### TASK INSTRUCTIONS
Look through the records and copy each line that has "higher" in it.

═══ INFORMATION SUPPLIED

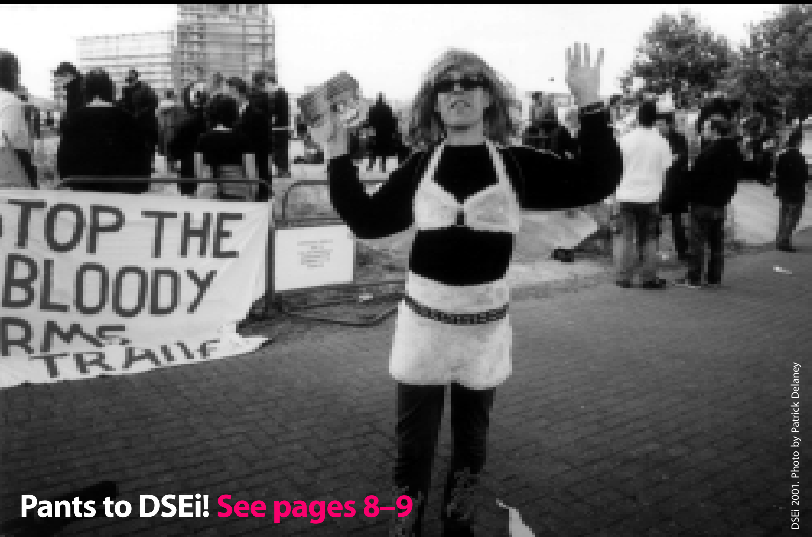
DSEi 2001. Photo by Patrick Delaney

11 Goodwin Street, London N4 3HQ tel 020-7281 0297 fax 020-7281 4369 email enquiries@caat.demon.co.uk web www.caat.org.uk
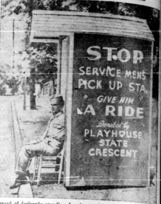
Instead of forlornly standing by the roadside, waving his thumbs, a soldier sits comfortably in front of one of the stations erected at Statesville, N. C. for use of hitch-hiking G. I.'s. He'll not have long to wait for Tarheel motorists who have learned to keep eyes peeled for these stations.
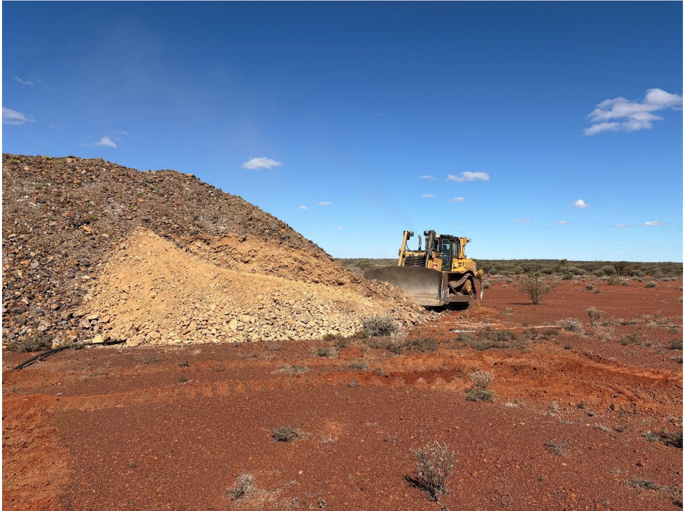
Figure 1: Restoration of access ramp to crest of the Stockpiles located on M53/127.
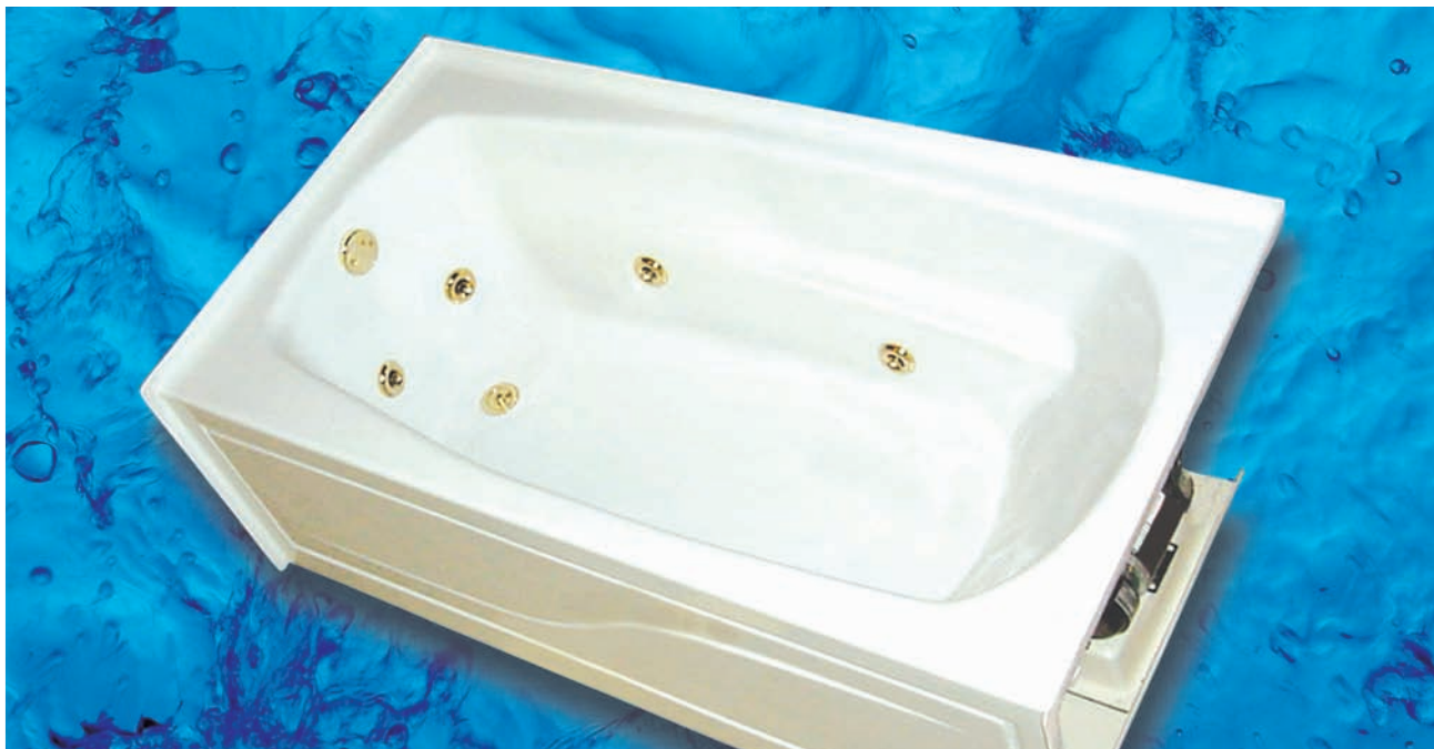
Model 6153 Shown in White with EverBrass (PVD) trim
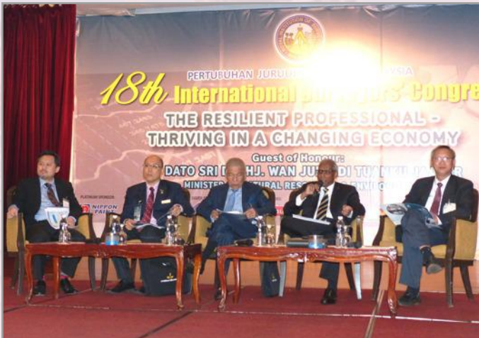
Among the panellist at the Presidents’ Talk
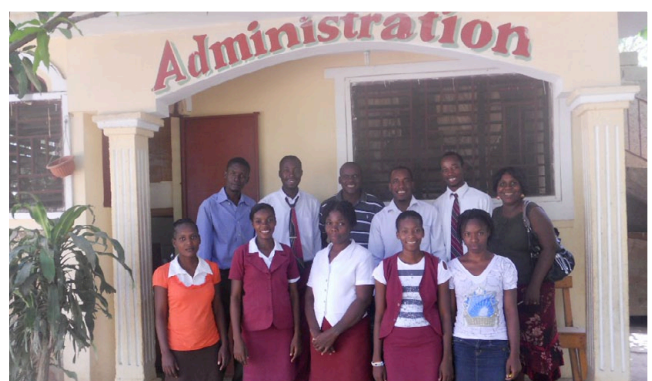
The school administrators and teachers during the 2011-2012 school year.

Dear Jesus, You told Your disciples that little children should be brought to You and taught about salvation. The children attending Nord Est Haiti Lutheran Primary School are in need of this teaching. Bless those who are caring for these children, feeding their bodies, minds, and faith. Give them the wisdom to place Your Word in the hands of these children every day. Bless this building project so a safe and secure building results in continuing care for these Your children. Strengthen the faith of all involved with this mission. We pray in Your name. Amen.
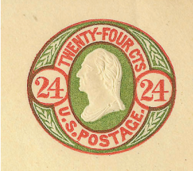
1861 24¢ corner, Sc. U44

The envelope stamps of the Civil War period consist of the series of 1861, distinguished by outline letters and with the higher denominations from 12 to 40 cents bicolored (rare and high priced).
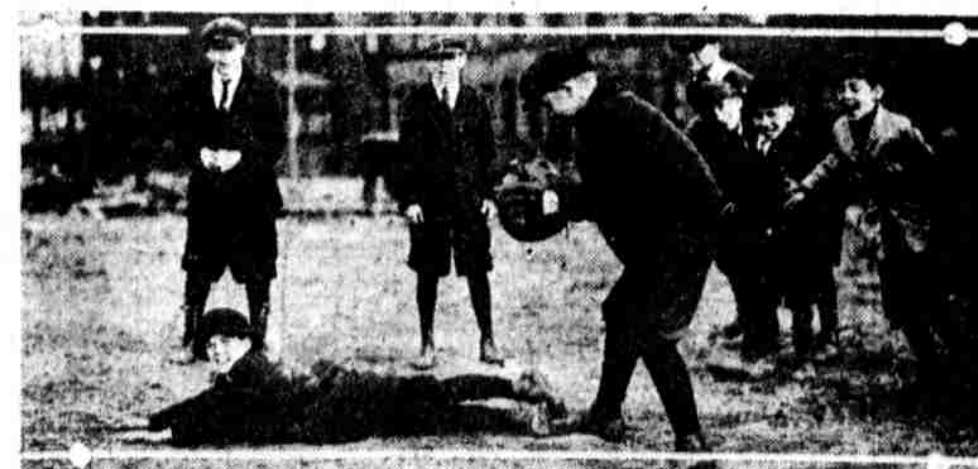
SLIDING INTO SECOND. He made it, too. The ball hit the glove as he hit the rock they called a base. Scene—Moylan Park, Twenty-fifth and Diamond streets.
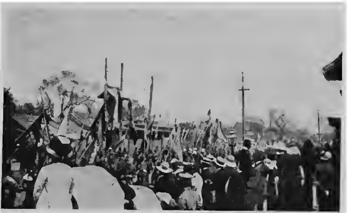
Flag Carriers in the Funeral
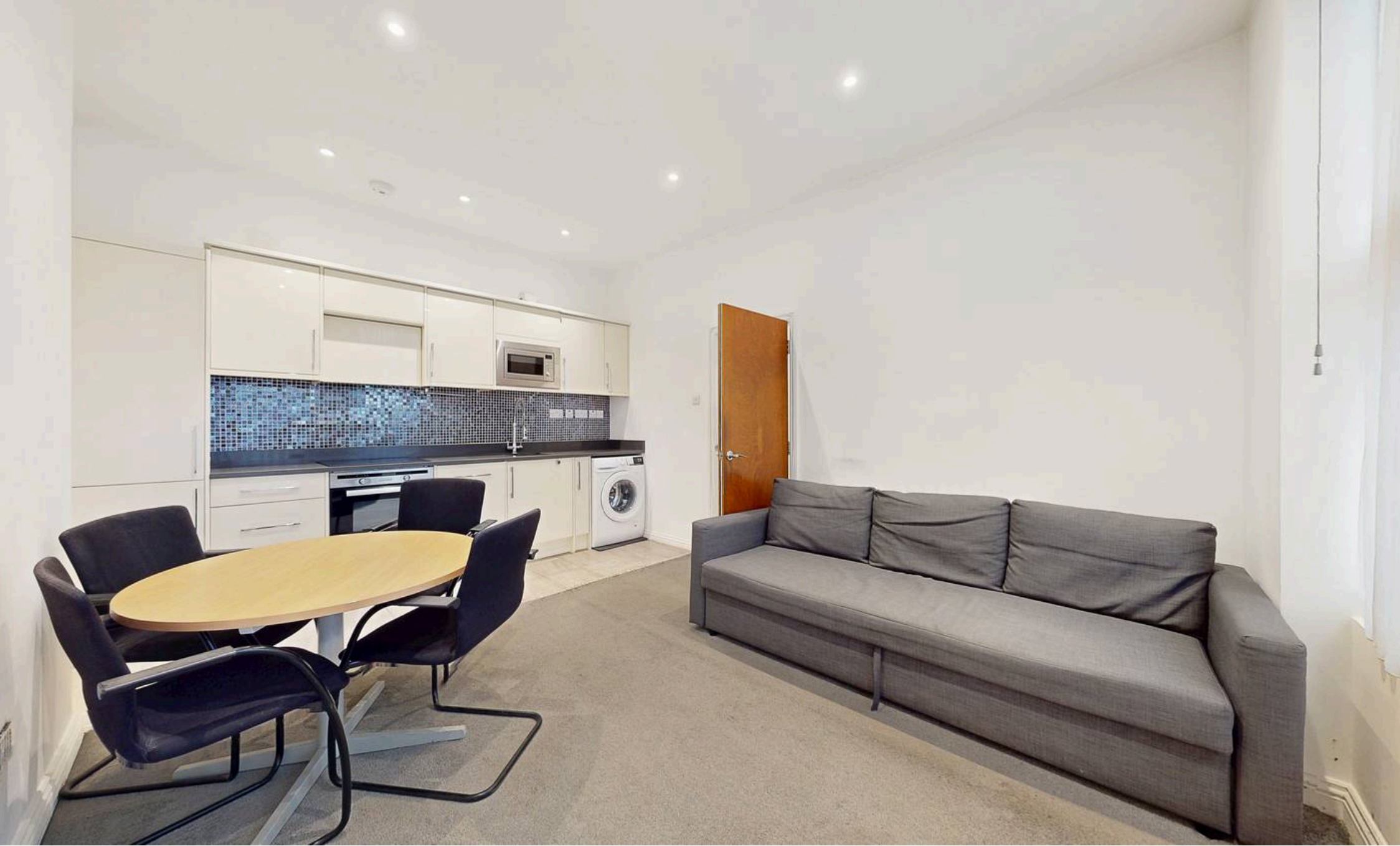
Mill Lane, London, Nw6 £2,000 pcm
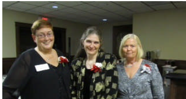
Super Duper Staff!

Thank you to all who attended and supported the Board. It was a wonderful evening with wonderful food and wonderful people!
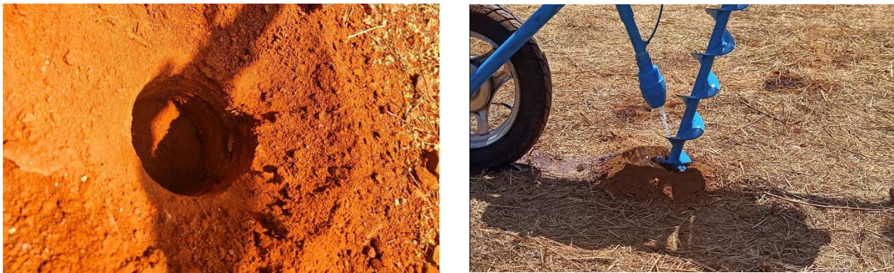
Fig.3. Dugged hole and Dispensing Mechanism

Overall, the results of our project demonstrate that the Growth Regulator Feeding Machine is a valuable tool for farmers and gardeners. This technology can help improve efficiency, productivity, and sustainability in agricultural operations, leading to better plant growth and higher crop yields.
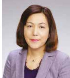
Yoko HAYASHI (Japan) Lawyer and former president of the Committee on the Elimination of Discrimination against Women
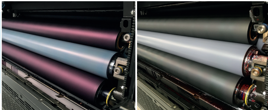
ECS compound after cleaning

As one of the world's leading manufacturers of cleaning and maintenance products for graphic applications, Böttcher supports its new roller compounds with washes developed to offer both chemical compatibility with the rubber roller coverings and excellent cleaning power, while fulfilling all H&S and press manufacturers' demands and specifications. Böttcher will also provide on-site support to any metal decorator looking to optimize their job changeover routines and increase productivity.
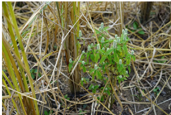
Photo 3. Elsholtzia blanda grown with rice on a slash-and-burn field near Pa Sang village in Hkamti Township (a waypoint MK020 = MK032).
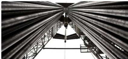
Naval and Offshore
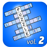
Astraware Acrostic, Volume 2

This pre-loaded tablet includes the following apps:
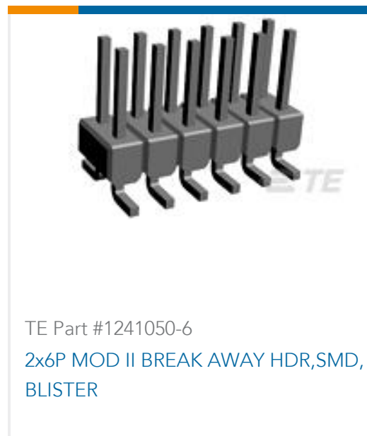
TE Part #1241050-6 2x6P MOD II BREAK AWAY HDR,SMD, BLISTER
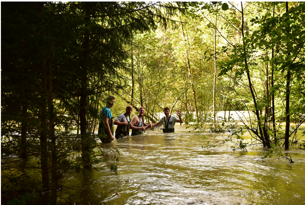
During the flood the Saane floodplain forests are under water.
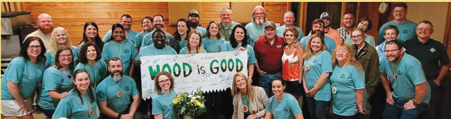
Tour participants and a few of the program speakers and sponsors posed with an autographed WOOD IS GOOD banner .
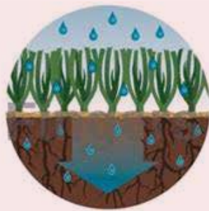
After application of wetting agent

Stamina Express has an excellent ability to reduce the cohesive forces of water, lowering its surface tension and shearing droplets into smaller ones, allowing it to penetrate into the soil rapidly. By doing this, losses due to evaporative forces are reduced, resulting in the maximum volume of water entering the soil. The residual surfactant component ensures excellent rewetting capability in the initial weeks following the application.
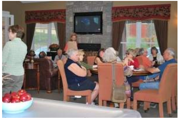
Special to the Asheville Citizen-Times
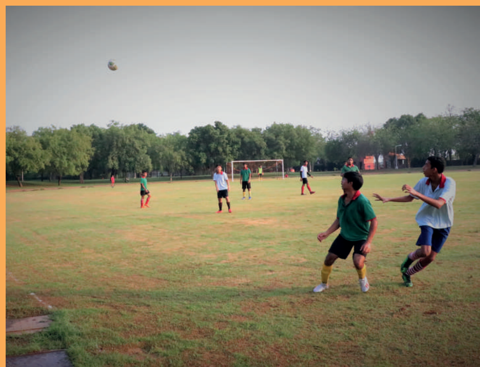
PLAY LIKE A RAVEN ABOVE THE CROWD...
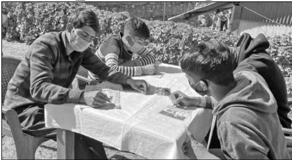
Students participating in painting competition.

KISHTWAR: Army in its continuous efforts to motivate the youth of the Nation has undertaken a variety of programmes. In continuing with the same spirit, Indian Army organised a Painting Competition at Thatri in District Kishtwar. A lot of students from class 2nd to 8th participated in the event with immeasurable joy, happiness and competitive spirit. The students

══════

### EXERCISE ANSWER
The envelope stamps of the Civil War period consist of the series of 1861, distinguished by outline letters and with the higher denominations from 12 to 40 cents bicolored (rare and high priced).
Overall, the results of our project demonstrate that the Growth Regulator Feeding Machine is a valuable tool for farmers and gardeners. This technology can help improve efficiency, productivity, and sustainability in agricultural operations, leading to better plant growth and higher crop yields.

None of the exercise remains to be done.